Year C / 3rd Sunday / Ordinary Time
Readings: Nehemiah 8.2-4a, 5-6, 8-10 / Ps 18 /
1 Corinthians 12.12-30 / Luke 1.1-4, 4.14-21
It is common that we sit
after we have done something.
We sit after we have cooked a meal for the family.
We sit with friends upon completing a day’s work or study.
And, as we just did, we sit down after the gospel is proclaimed.
To sit expresses the end of an action,
the completion of an activity.
Luke’s gospel presents us with an image
of Jesus sitting down after proclaiming
a passage from the prophet Isaiah
Seated, he says,
“Today this Scripture passage is fulfilled in your hearing,”
It was fulfilled amidst all in the synagogue long ago,
and continues to be assuring words for our fulfillment today,
because Jesus is the Good News
of God’s presence to the poor,
of God’s healing for the sick,
of God’s liberation of the unfreed,
of God’s continuing favor with all humankind.
Jesus embodies for us nothing less
than God’s love for us as we are,
human, with our flaws,
yet created good in God’s own image and likeness.
This reality of Jesus fulfilling God's presence
suggests that Jesus’ sitting down does not mark an end.
Rather it heralds the beginning
of his public life and ministry,
his saving action
of revealing God’s boundless love
that forgives us
and calls us to share in divine life with God,
not only in a future to come,
but also in the here and now
of our everyday lives.
I’d like to suggest
that this image of Jesus sitting as a beginning
invites you and me to honestly reflect
on our sitting down at this time each Sunday.
We hear the Word of God proclaimed,
but what does this mean for you and me?
Is this an experience
of sitting and hearing,
and then going home unaffected before returning next Sunday?
Or, is this an experience
of honestly trying to listen more attentively to God’s Word,
letting it take root in each of us
so that God’s Word can transform us
and we can begin to live
lives that are more human and humane
and a lot more Christian and divine
this coming week, not just for myself
but for everyone we will interact with?
Luke’s image of Jesus
sitting down to begin his work
is a challenging image;
it confronts us
by asking us how we want to embrace God’s Word,
which today’s psalm reminds us is gift:
"Your words, Lord, are Spirit and life."
Gift of God’s Spirit alive in us
and gift of life with God.
This challenging image
is also paradoxically the good news
we can hope in this morning.
Jesus’ way of sitting with God’s Word,
the truth Isaiah announces as God who saves,
models for us
how we can better hear, receive and live God’s Word
for ourselves and for one another.
In Jesus we see one who
lets God’s Word inform, shape and send him
into the world to live a life of self-giving love
that makes God alive and real to all,
especially those in need.
If we mean what we profess,
that we are Christians, followers of Jesus Christ,
then our practice of faith
must be one of sitting with God’s Word,
interiorizing it in our lives
and enacting it in our words and actions
so that others can enjoy the fullness of life.
Then, our Christian faith
will be truly rooted in God’s Word,
animated by God’s Spirit.
and lived in God’s ways.
There is however an urgency
to living our Christian faith in this manner.

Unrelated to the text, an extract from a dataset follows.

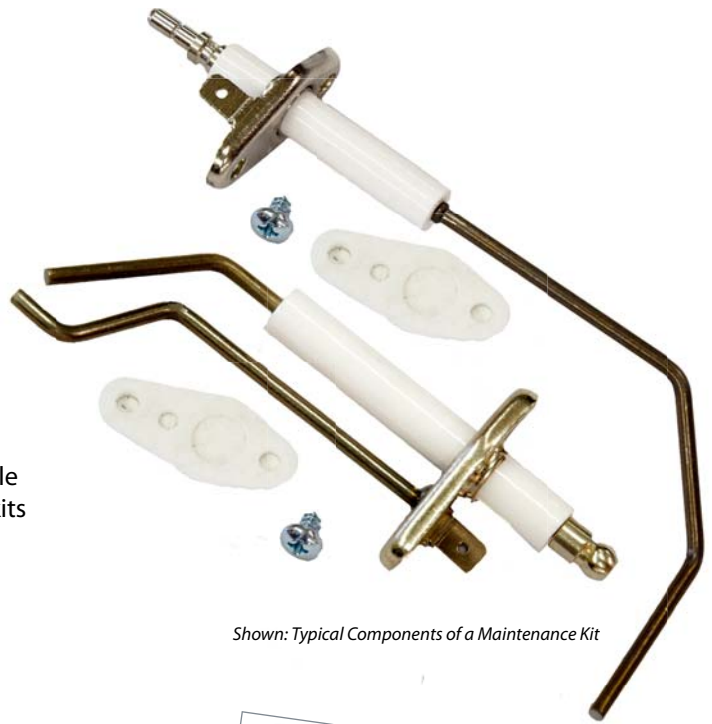
Shown: Typical Components of a Maintenance Kit

For further information visit www.aerco.com .

By declaring that the passage from Isaiah
is being fulfilled in the midst of those gathered in the synagogue
and, more so, in our hearing this morning,
Jesus teaches us that the time to make God’s Word
our spirit and life begins here and now,
not after this Mass, not later today, not tomorrow morning.
This is the time
to hear God’ Word, to embrace it fully
and to put it into action in our lives
and in the lives of others around us.
Indeed, now is the right time
to sit in God’s Word and to give it free rein
as the Spirit and life of Jesus within us
-- to reconcile with a family member who has hurt us;
-- to feed and clothe the homeless in these cold days;
-- to stand up for those discriminated;
-- to put aside what I want to so that another can have a little more.
Perhaps, if we dare to do
these simple, everyday acts of loving like Jesus did,
of fulfilling God’s good news like Jesus,
whose sitting is in fact a beginning,
we can embrace our promised salvation
with much more hope
because we can begin to die more and more
to our human wants, to our self-centered needs,
and to take on more fully and more really
the likeness of Jesus in whose self-giving love for another
is the fullness of God’s image.
And this taking on of Jesus' likeness
is indeed our rightful inheritance as Christians.
Then, as we live such Christ-like lives,
we might even hear another say to us,
“today, you too are fulfilling God’s Word in my midst.”